Authors
Oliwia Piwocka, Marika Musielak, Karolina Ampuła, Igor Piotrowski, Beata Adamczyk, Magdalena Fundowicz, Wiktoria Maria Suchorska & Julian Malicki
Abstract
Primary cell lines are invaluable for exploring cancer biology and investigating novel treatments. Despite their numerous advantages, primary cultures are laborious to obtain and maintain in culture. Hence, established cell lines are still more common. This study aimed to evaluate a range of techniques for isolating primary breast cancer cultures, employing distinct enzymatic compositions, incubation durations, and mechanical approaches, including filtration. Out of several protocols, we opted for a highly effective method (Method 5) that gave rise to a primary cell culture (BC160). This method combines mechanical disaggregation and enzymatic digestion with hyaluronidase and collagenase. Moreover, the paper addresses common issues in isolating primary cultures, shedding light on the struggle against fibroblasts overgrowing cancer cell populations. To make primary cell lines a preferred model, it is essential to elaborate and categorise isolation methods, develop approaches to separate heterogeneous cultures and investigate factors influencing the establishment of primary cell lines.
Background
Breast cancer (BC) is the most common neoplasm in women, responsible for 2,261,419 deaths in 2020, which makes it the highest mortality due to cancer in both developed and developing countries [1, 2]. Researchers predict decreasing mortality of breast cancer patients [3, 4] due to improvements in treatment methods, advancements in breast screening, and higher awareness among women [5]. During the last decades, the research on breast cancer was seminal for the development of innovative treatments for breast cancer. The elucidation of interpersonal genetic variations and functional characteristics with the help of primary cancer cell lines has been an important pre-requisite for this progress [6].

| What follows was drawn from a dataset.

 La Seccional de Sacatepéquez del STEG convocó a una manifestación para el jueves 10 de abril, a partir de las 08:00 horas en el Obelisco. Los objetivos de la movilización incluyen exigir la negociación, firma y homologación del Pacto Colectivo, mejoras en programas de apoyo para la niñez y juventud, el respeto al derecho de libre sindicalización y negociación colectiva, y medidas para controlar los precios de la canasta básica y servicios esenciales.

A primary cell line refers to a culture of cells directly derived from tissues or organs of an organism. These cells are typically used in laboratory research to study various aspects of cell biology, physiology, and disease. Unlike immortalized cell lines, which can divide indefinitely, primary cell lines have a limited lifespan in culture, reflecting the normal biological constraints of the cells [6]. Primary cancer cells can be obtained from surgically resected tissue samples, core biopsies, aspirates, pleural effusions, and autopsy materials. Cell populations can differ depending on the isolation method and the tissue composition of the collected material. Moreover, cells of the tumour microenvironment (TME) such as normal fibroblasts (NFs), cancer-associated fibroblasts (CAFs), endothelial cells, macrophages and lymphocytes, and endothelial cells are a crucial part of the experimental system [7].

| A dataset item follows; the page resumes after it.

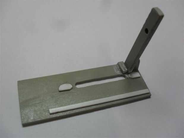 Tiene que ser colocado en el extremo de la base de la impresora a fin de que el botón que empuja caerá la última plaza del tablero.

Tumour resections and tumour biopsies are the favoured source for primary cultures [6, 8,9,10,11,12,13]. Primary cultures derived from tumour tissue preserve characteristics of the TME and the cells’ stem-like phenotype and display a specific cross-talk between healthy and malignant cells [14]. This intercellular cross-talk is critical during carcinogenesis, progression, and invasion and plays a vital role in response to therapy [15]. These features assure the validity of primary cultures as a model for preclinical studies or designing personalised therapy since patient-derived primary cells reflect tumour nature more accurately than immortalised cell lines [14]. Another advantage of primary cultures is a large transcriptomic and proteomic variety, which is important for personalized medicine research [16]. Moreover, primary cells preserve cellular markers and tissue functionality, while established cell lines often lose those properties [14]. Limitations of primary cell cultures are difficult isolation, short lifespan, and a finite ability to replicate [17]. Although established cell lines enable researchers to work on the same material worldwide, which guarantees replicability, and that feature has contributed to the formulation of many currently used therapies, primary cells are the better model according to individual requirements [14].

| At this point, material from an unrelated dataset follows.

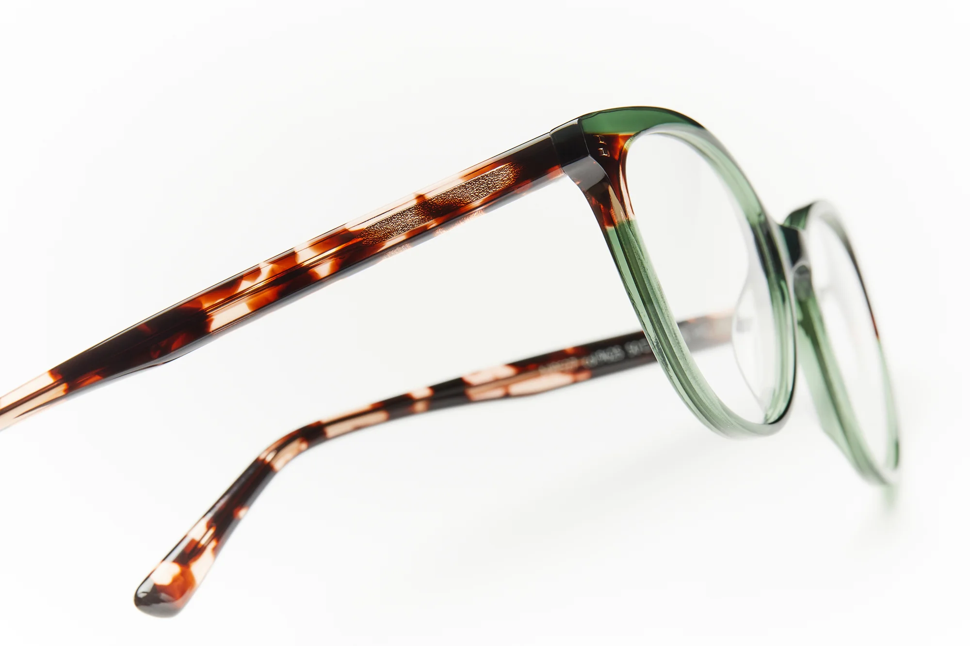 The new 9526-27 concept shows the NIFTIES acetate design DNA at its best. The concept introduce two distinct shapes in four dynamic colours each designed to enhance individual expression. Where one model is slightly rounded to cater to a unisex audience, the other has a graceful feminine curvature. Both models are united by the dual tone acetate combinations, where two distinct acetates are expertly laminated together — creating a gradient effect that makes them stand out.

This article aimed to show the efficacy of different enzymatic and mechanical isolation methods for primary cancer cells applicable to breast cancer tumour biopsies. This paper systematises the current knowledge and protocols of isolation of primary BC cells and thus may serve as a compendium for this area of research. Moreover, the article addresses common issues in isolating primary cultures, shedding light on the struggle against fibroblasts overgrowing cancer cell populations.